* [INFORMATION SUPPLIED]:
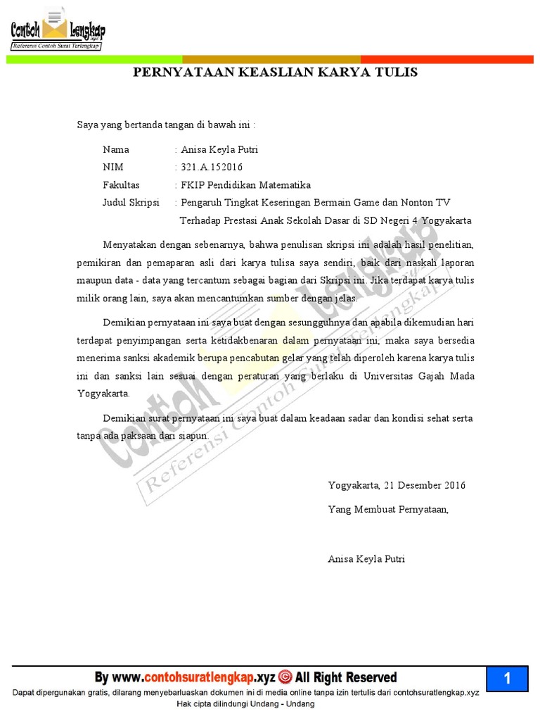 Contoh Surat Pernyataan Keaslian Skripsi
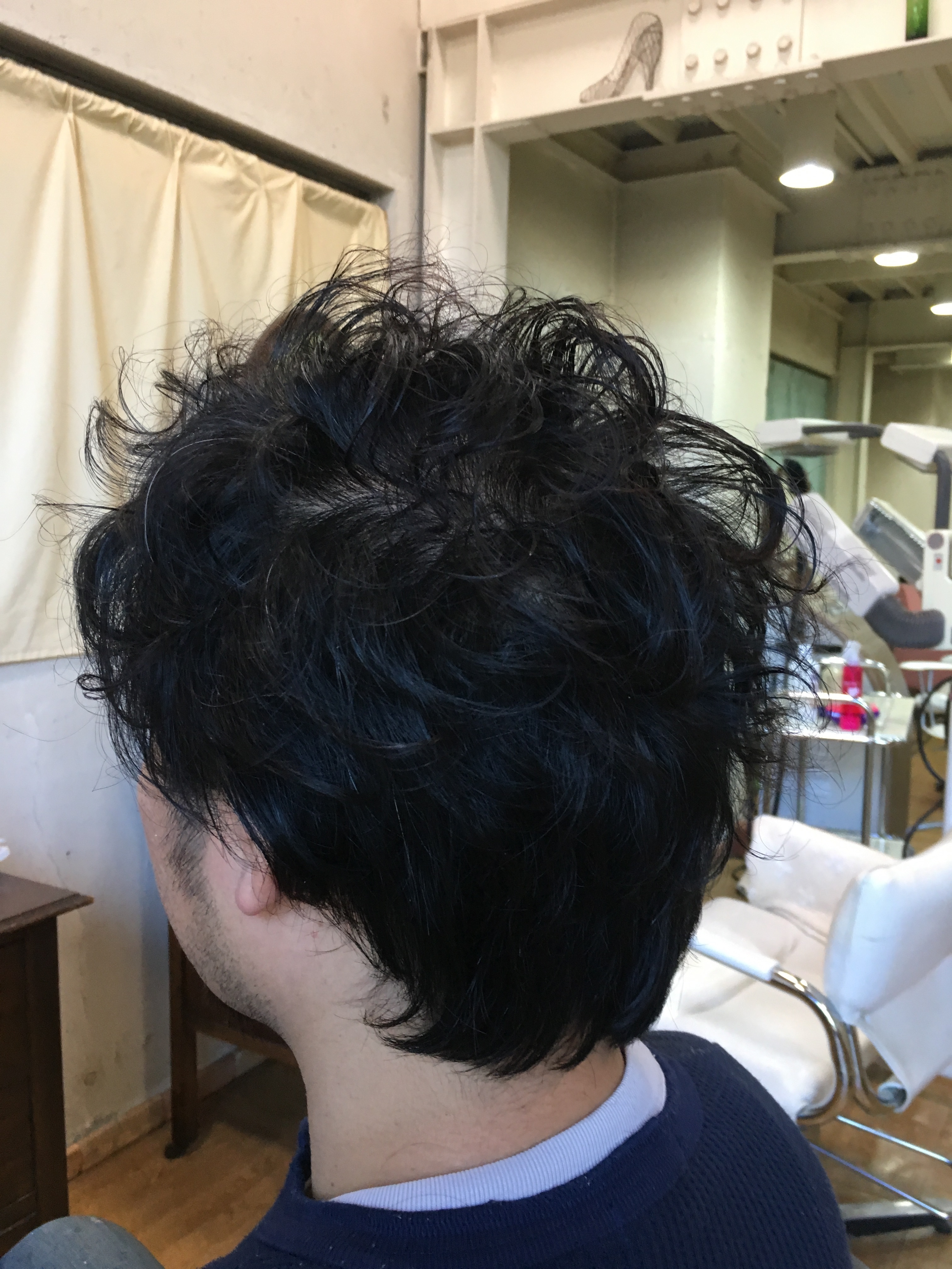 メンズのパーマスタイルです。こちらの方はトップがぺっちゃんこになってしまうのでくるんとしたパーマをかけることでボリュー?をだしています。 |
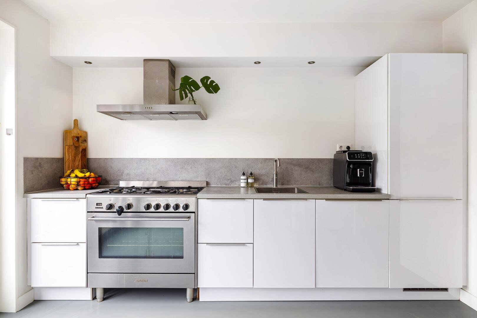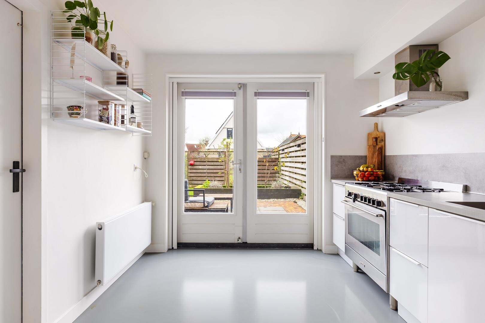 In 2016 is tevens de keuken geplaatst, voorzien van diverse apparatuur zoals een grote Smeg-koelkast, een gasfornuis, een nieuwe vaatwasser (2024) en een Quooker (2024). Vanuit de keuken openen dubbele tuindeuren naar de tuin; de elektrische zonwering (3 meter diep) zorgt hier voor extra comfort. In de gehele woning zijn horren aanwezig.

* [REQUIREMENT]:
Exactly restate the lines from the beginning of the data through the line with "メンズのパーマスタイルです。", and no others, keeping pictures out.

* [OUTPUT FOR THIS EXERCISE]:
 Contoh Surat Pernyataan Keaslian Skripsi
 メンズのパーマスタイルです。こちらの方はトップがぺっちゃんこになってしまうのでくるんとしたパーマをかけることでボリュー?をだしています。 |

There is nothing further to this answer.